Siza chegou a Porto Alegre, em maio de 2000, com a maquete do projeto pronta. “Temos que trabalhar como um alfaiate aqui”, disse o arquiteto na época, ao se referir à necessidade de ajustar um espaço museográfico condizente com as obras de Iberê. O terreno que abriga a fundação também era outra dificuldade para Siza: “Estou trabalhando numa parte muito especial da cidade, com uma vista belíssima para o Guaíba, em um terreno localizado na encosta com vegetação e que tem que ser ocupada por um edifício por não dispor de muito espaço. Isso criou uma grande dificuldade no projeto. Mas os projetos se desenvolvem melhor a partir de grandes dificuldades”.

Nesses 8.250 m² de área total, a construção de Siza também faz questão de reforçar a importância do entorno, com janelas emolduradas para o Guaíba como se fossem quadros vivos. A indicação do arquiteto é que os visitantes subam de elevador ao quarto andar assim que chegam ao museu. De lá, a própria construção irá guiar a visita e os andares devem ser descidos por rampas que entram e saem do corpo do edifício como se fossem braços. “O resultado final é uma atmosfera normativa igualitária que, em virtude do seu acabamento material discreto, declara a sua acessibilidade para a sociedade”, destaca Kiefer.

Siza: 86 anos em plena atividade
Considerado um dos nomes mais aclamados do mundo da arquitetura, Álvaro Joaquim de Melo Siza Vieira nasceu em 25 de junho de 1933, na cidade de Matosinhos, em Portugal. No início dos anos 1950 se mudou para o Porto para estudar na Escola Superior de Belas Artes. Paralelo à faculdade, realizou outro sonho: abrir seu próprio escritório e dar início a projetos residenciais de pequeno porte.

A paixão pela arquitetura e ao ensino são dois pontos fortes na vida de Siza. Seu currículo como professor inclui as universidades de Porto, Harvard, no Estados Unidos, a Universidade dos Andes, na Colômbia, na Escola Politécnica de Lausanne e outras instituições consagradas ao redor do mundo.

Estamos falando de um dos principais arquitetos do século 20 e que, até hoje, aos 86 anos, assina projetos e grandes realizações. Um dos aspectos interessantes da trajetória de Siza é seu interesse inicial pela escultura. Compreendida por muitos como uma continuidade do que foram o pensamento e o princípios do modernismo, é realmente possível perceber em sua obra a influência de um dos grandes do movimento moderno: o arquiteto e designer Alvar Aalto (1898 – 1976).

Rotulado como um arquiteto moderno e orgânico, Aalto sempre fez questão de incorporar um elemento da paisagem e da tradição de seu país em sua obra: o uso da madeira, muitas vezes reciclada, tanto nos móveis como nas edificações.

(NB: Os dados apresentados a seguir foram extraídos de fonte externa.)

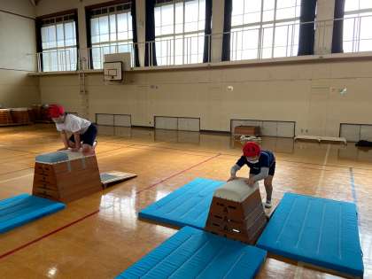 3学期から跳び箱に挑戦しています。最初は「跳び箱が苦手」と言っていた児童も粘り強く練習し、上達していっています。この調子でどんどんできる技を増やしていってほしいです。

“O melhor comitê de padronização é a própria natureza, mas nela a padronização se dá principalmente, ou quase exclusivamente, no campo dos menores elementos possíveis. Quer dizer, nas células. O resultado são milhões de combinações flexíveis onde não cabe o estereótipo. Outro resultado é a imensa riqueza e a variedade inesgotável das formas de crescimento orgânico”.
Alvar Aalto

Impossível definir a arquitetura de Álvaro Siza. Ela é, simultaneamente, moderna e tradicional, ao mesmo modo que apresenta uma sensibilidade em relação ao lugar onde se encontra.

As palavras não são suficientes, sua obra necessita de experiência humana. Como os primeiros modernistas, suas formas, moldadas pela luz, tem uma simplicidade. Se uma vista é desejada, uma janela é feita. Escadas, rampas e paredes, tudo parece ser predestinado num edifício de Siza. Esta simplicidade é revelada como uma grande complexidade. Há um domínio sutil sublinhando o que parece ser uma criação natural.